### [RECORDS SHOWN]
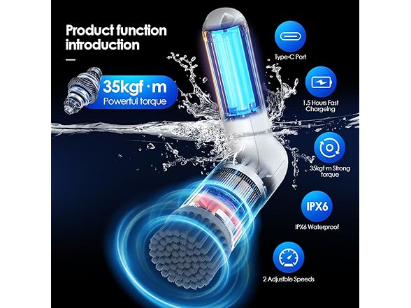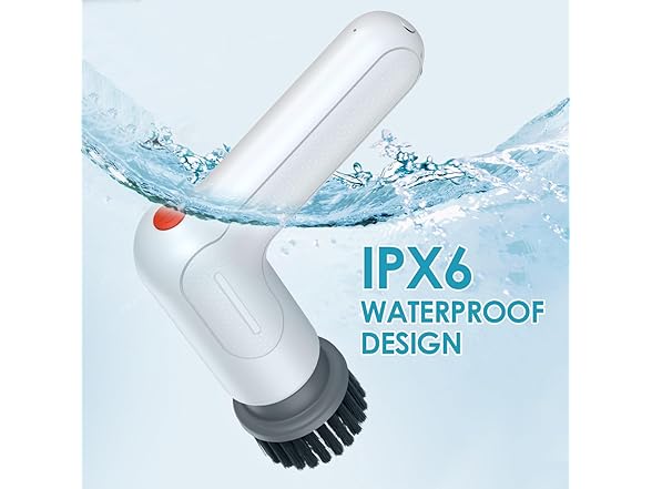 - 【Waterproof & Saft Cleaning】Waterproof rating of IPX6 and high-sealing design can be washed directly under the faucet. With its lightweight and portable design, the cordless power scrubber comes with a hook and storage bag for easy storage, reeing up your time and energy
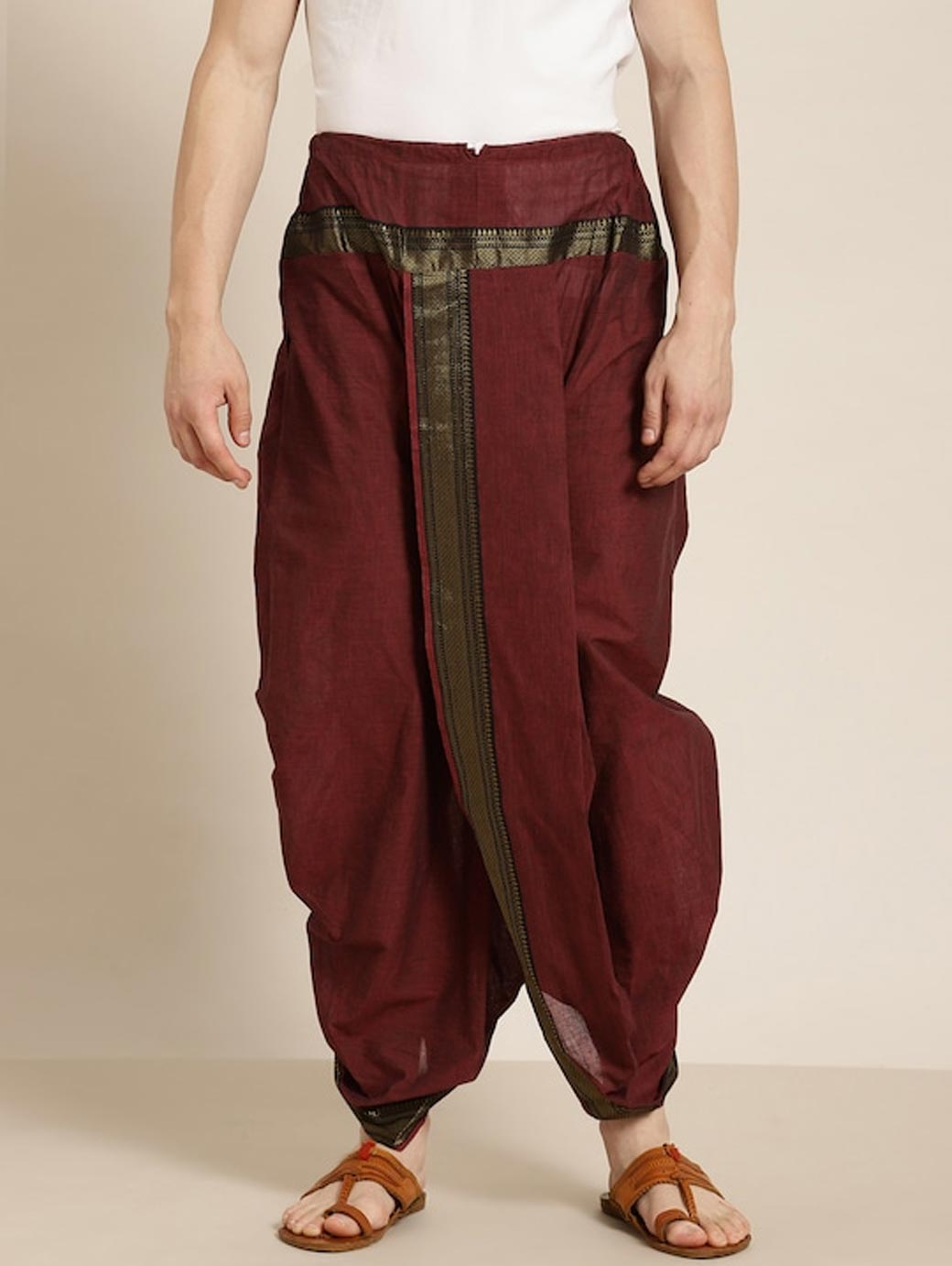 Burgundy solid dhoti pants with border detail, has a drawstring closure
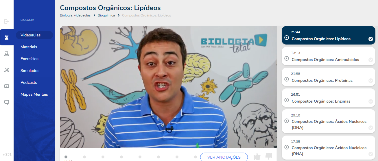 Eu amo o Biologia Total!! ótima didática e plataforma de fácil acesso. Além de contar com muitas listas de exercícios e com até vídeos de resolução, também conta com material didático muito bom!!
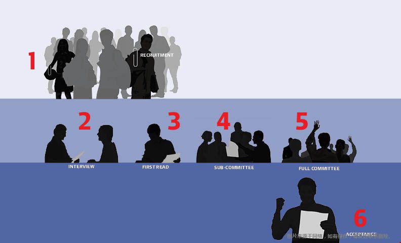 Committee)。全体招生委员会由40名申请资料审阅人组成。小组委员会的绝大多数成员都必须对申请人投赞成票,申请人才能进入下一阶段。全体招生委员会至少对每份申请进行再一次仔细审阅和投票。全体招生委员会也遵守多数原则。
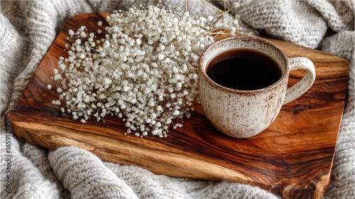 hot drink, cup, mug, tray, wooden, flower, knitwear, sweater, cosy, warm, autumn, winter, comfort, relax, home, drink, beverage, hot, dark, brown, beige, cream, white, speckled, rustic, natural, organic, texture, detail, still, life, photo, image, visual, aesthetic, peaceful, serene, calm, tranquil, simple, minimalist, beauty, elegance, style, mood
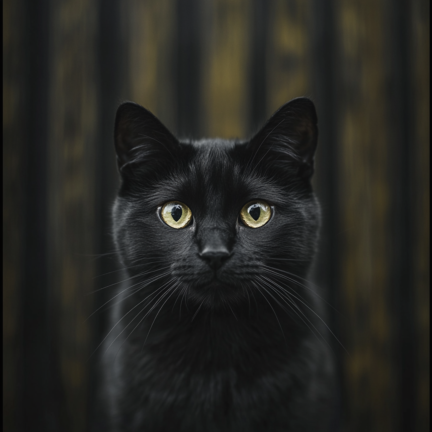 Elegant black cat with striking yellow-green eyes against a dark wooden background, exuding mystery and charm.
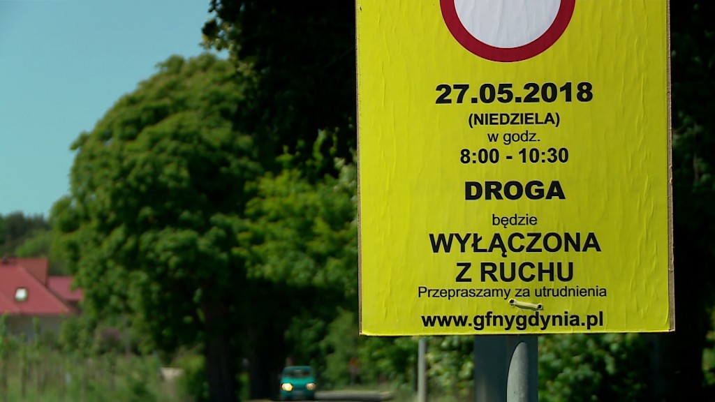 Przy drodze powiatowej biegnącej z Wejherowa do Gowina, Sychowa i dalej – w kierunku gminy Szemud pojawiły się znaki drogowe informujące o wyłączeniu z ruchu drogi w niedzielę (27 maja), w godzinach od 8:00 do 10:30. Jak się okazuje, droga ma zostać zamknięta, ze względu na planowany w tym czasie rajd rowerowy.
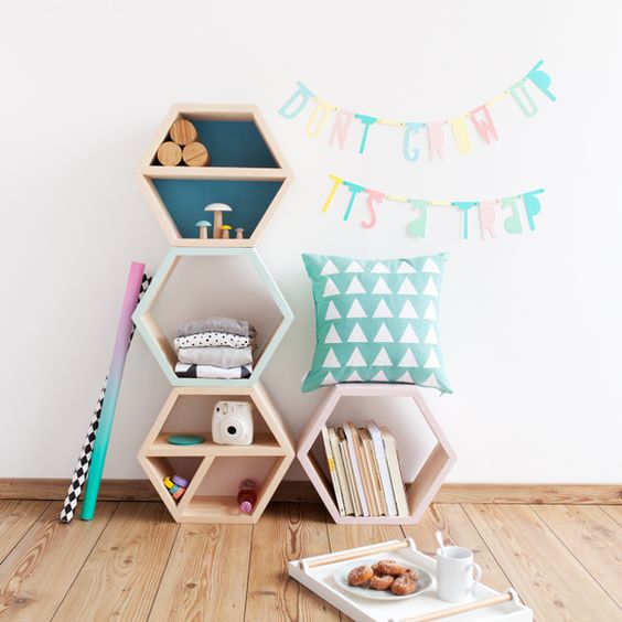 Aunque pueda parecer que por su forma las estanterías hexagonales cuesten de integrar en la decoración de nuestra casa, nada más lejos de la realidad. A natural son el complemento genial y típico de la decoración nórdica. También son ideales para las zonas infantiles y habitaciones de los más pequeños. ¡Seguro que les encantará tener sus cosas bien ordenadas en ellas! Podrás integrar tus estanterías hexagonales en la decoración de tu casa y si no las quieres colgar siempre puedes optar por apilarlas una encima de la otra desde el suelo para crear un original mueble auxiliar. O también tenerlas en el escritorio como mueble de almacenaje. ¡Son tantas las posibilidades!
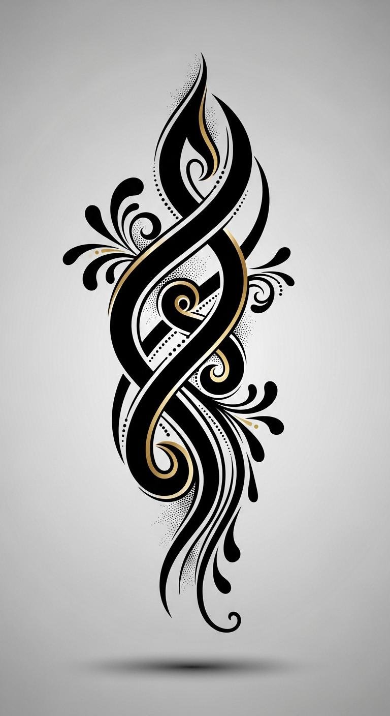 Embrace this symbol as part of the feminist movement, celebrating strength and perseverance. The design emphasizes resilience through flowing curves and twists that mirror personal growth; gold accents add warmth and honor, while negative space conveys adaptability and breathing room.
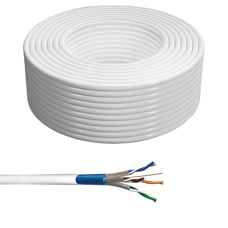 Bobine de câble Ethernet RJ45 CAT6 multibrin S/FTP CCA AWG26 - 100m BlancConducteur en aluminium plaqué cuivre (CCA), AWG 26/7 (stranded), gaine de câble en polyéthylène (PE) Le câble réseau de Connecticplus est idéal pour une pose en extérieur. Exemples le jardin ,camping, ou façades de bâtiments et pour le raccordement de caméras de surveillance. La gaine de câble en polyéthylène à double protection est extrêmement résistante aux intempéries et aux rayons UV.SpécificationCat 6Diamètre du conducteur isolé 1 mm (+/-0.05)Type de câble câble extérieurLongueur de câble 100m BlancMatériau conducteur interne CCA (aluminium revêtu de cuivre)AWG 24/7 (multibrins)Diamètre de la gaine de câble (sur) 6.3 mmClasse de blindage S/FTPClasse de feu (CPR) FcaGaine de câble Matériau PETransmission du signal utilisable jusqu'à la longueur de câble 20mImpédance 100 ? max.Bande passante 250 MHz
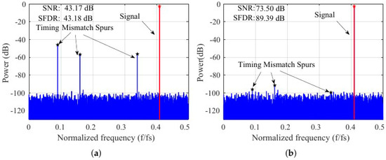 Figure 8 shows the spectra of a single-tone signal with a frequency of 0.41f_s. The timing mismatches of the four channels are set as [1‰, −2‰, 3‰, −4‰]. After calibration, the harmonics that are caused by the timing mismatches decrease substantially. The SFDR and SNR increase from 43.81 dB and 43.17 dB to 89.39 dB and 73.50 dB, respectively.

### [EXERCISE BRIEF]
Beginning with the line holding "elegance, style, mood" in the material above, restate word for word each line through the line holding "Elegant black cat", and exclude pictures.

### [EXERCISE RESULT]
 hot drink, cup, mug, tray, wooden, flower, knitwear, sweater, cosy, warm, autumn, winter, comfort, relax, home, drink, beverage, hot, dark, brown, beige, cream, white, speckled, rustic, natural, organic, texture, detail, still, life, photo, image, visual, aesthetic, peaceful, serene, calm, tranquil, simple, minimalist, beauty, elegance, style, mood
 Elegant black cat with striking yellow-green eyes against a dark wooden background, exuding mystery and charm.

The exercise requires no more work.